The evolutionary process can be thought of as a solution to an optimization problem, where the problem being optimized is the fitness of the individuals in an evolving population. In nature, the problem being optimized can be thought of as the development of qualities which will increase one’s chances of reproducing (thereby passing on some of one’s genetic material to future generations). What exactly these qualities are can be very difficult to ascertain, and furthermore varies from species to species and can even depend on the current state of evolution within a species. However, if one could define virtual populations of individuals representing potential solutions in a problem space, with their fitnesses corresponding to how well the problem is solved, one could potentially ‘evolve’ that population as is done in nature to obtain individuals more capable of solving the problem. A computer program implementing this process is generally said to use a genetic algorithm (GA).

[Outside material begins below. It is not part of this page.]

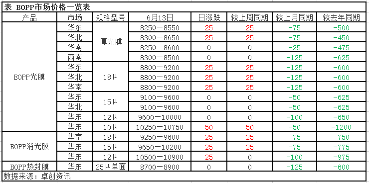 6月为BOPP行业需求淡季,终端货源消化偏缓,BOPP下游用户采购意愿偏弱。但5日起原料期货偏暖震荡,带动现货有所小涨,13日在原油脉冲式上涨带动下,BOPP下游恐涨入市采购增加,市场交投普遍好转,给到市场一定支撑。

The GA, first proposed by J. Holland (1975), is a fascinating way of solving difficult problems since no specific knowledge concerning the solution is needed, except for a way to measure how good, or fit, or desirable, a potential solution is. Solutions are found by creating a virtual species whose individuals possess traits, the best combination of which, one would like to find.

The GA model and its terminology is borrowed from biology, since the biological model is the one being emulated. Individuals in the population each possess a unique genome made up of one or more chromosomes which are in turn made up of genes, each of which can take on different values called alleles which specify a particular trait appropriate to that gene. For example, humans might possess a gene specifying eye colour, and the possible alleles for that gene might be blue, brown, green, grey etc. During sexual reproduction, the chromosomes of the two parents are recombined to form one or more new chromosomes which will specify the genetic material of the offspring. This process is generally called crossover because parent chromosomes are often ‘cut’ at the same locus (position) on the chromosome, and the sub-chromosomes formed are exchanged to form the child chromosome(s). Another concept borrowed from biology and implemented in genetic algorithms is mutation which is the random effect of a new chromosome acquiring some random trait (gene value) from neither parent. Together, crossover and mutation are applied on a population of individuals to produce a new population probabilistically based on the fitnesses of the parent population. Parents are selected according to some selection method and the next generation is formed from the current population using some replacement scheme.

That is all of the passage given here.